Emerging Markets Outlook: 2012 

12/14/2011 

Dilek Capanoglu, CIO of RCM Global Emerging Markets, cites emerging economies’ low debt-to-GDP ratios, attractive historical valuations and increasing global relevance as the fuel that will propel them toward sustainable long-term growth.

Summary

  • In an environment of more-muted global growth, emerging markets will remain strategically important.
  • Valuations are currently well below historical averages, and as long as global economic uncertainty persists, companies that generate growth domestically will be favored.

While external influences—such as news about the euro and economic growth of Western economies—will have a major influence on emerging markets performance, we believe emerging markets equities have a lot going for them. This, in the long run, should lead them to outperform. The current crisis is largely caused by concerns that the sovereigns will not be able meet their debt obligations, which is visible in widening credit spreads. The biggest risk factor here is that the euro-zone crisis might take a turn for the worse. In its wake, a further increase in general risk aversion might lead to further outflows from emerging markets and a continued de-rating.

This, however, cannot be the base-case scenario. Emerging markets have, for example, much lower debt-to-GDP ratios compared with developed markets. This is one of the reasons we have seen ratings upgrades for emerging market sovereigns and corporates compared with broad-based downgrades in the industrialized world. Contrary to general market sentiment, we believe that many emerging market countries have the necessary firepower to stimulate their economies.

Therefore, we expect economic growth in the emerging markets to remain strong, and we firmly believe that emerging market economies will continue to gain in importance in a global context as the developed world heads for a period of muted growth. Of course, we are going to see differences in growth within the emerging markets. For instance the GDP expectations for the CEE region look the most vulnerable to potential downgrades due to the region’s proximity and strong economic ties with the EU.

As an investor, it’s good to take a step back from the daily noise. Valuations are at very attractive levels, as they have fallen below their historical averages and are now trading at similar levels to previous emerging-markets crises, thus presenting highly compelling buying opportunities. We continue to focus on high-quality companies with solid balance sheets, good cash-flow generation and stable margins. As long as the uncertainty in the global economy persists, we will favor companies that generate their growth domestically.
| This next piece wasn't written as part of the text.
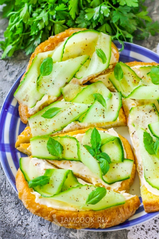 Сочные и румяные гренки с плавленым сыром и огурцом можно подать к завтраку, обеду или ужину, взять с собой в дорогу, в поездку, на пикник. Блюдо универсальное и очень быстро готовится, поэтому вам потребуется всего лишь 10-15 минут для его создания. Главное - дать горячим гренкам остыть перед намазыванием на них сыра, иначе он не будет на них держаться. Вкус сыра вы вольны подбирать по желанию: грибной, с зеленью, с паприкой, с беконом и т.д. А вот огурцы перед нарезкой обязательно пробуйте на вкус, чтобы вам не попались горькие овощи, которые испортят собой всё блюдо.

Past performance is no guarantee of future results. The material contains the current opinions of the author, which are subject to change without notice. Statements concerning financial market trends are based on current market conditions, which will fluctuate. References to specific securities and issuers are for illustrative purposes only and are not intended to be, and should not be interpreted as, recommendations to purchase or sell such securities. Forecasts and estimates have certain inherent limitations, and are not intended to be relied upon as advice or interpreted as a recommendation.
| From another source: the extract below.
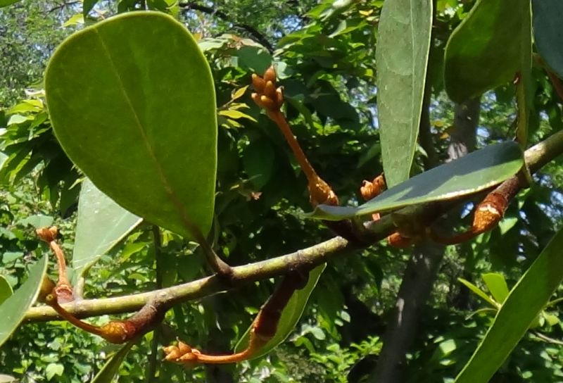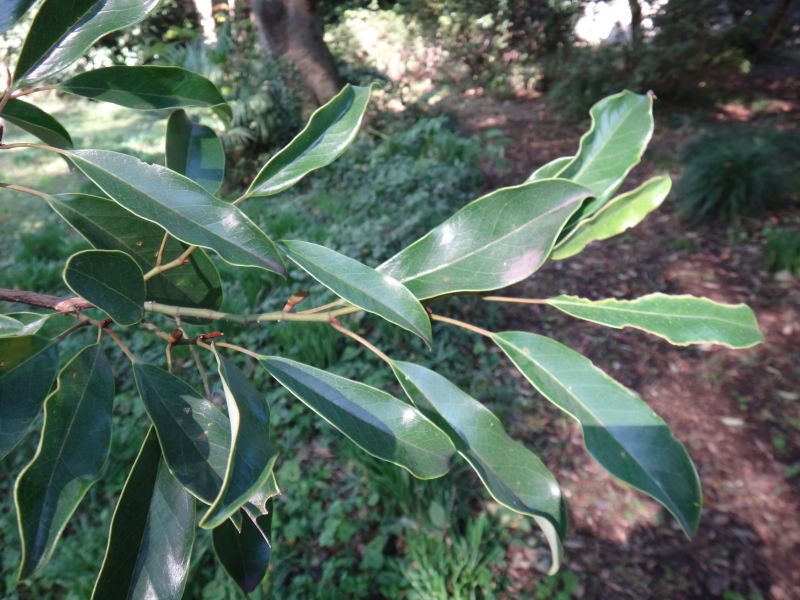 葉は互生し、長さ5〜12センチの長楕円形で、全縁で光沢があり、
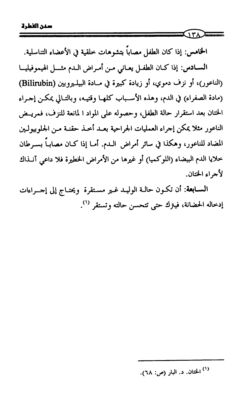 السادس: إذا كان الطفل يعاني من أمراض الدم مثل الهيموفيليا (الناعور)، أو نزف دموي، أو زيادة كبيرة في مادة البيليروبين (Bilirubin) (مادة الصفراء) في الدم، وهذه الأسباب كلها وقتيه، وبالتالي يمكن إجراء الختان بعد استقرار حالة الطفل، وحصوله على المواد المانعة للنزف، فمريض الناعور مثلا يمكن إجراء العمليات الجراحية بعد أخذ حقنة من الجلوبيولين المضاد للناعور، وهكذا في سائر أمراض الدم. أما إذا كان مصاباً بسرطان خلايا الدم البيضاء (اللوكميا) أو غيرها من الأمراض الخطيرة فلا داعي آنذاك لأجراء الختان.

A Word About Risk: Equities have tended to be volatile, and do not offer a fixed rate of return. Bond prices will normally decline as interest rates rise; the impact may be greater with longer-duration bonds. Foreign markets may be more volatile, less liquid, less transparent and subject to less oversight, and values may fluctuate with currency exchange rates; these risks may be greater in emerging markets.

P/E is a ratio of security price to earnings per share. Typically, an undervalued security is characterized by a low P/E ratio, while an overvalued security is characterized by a high P/E ratio. Gross Domestic Product (GDP) is the value of all final goods and services produced in a specific country. It is the broadest measure of economic activity and the principal indicator of economic performance.

Allianz Global Investors Distributors LLC, 1633 Broadway, New York, NY 10019-7585, www.allianzinvestors.com, 1-800-926-4456.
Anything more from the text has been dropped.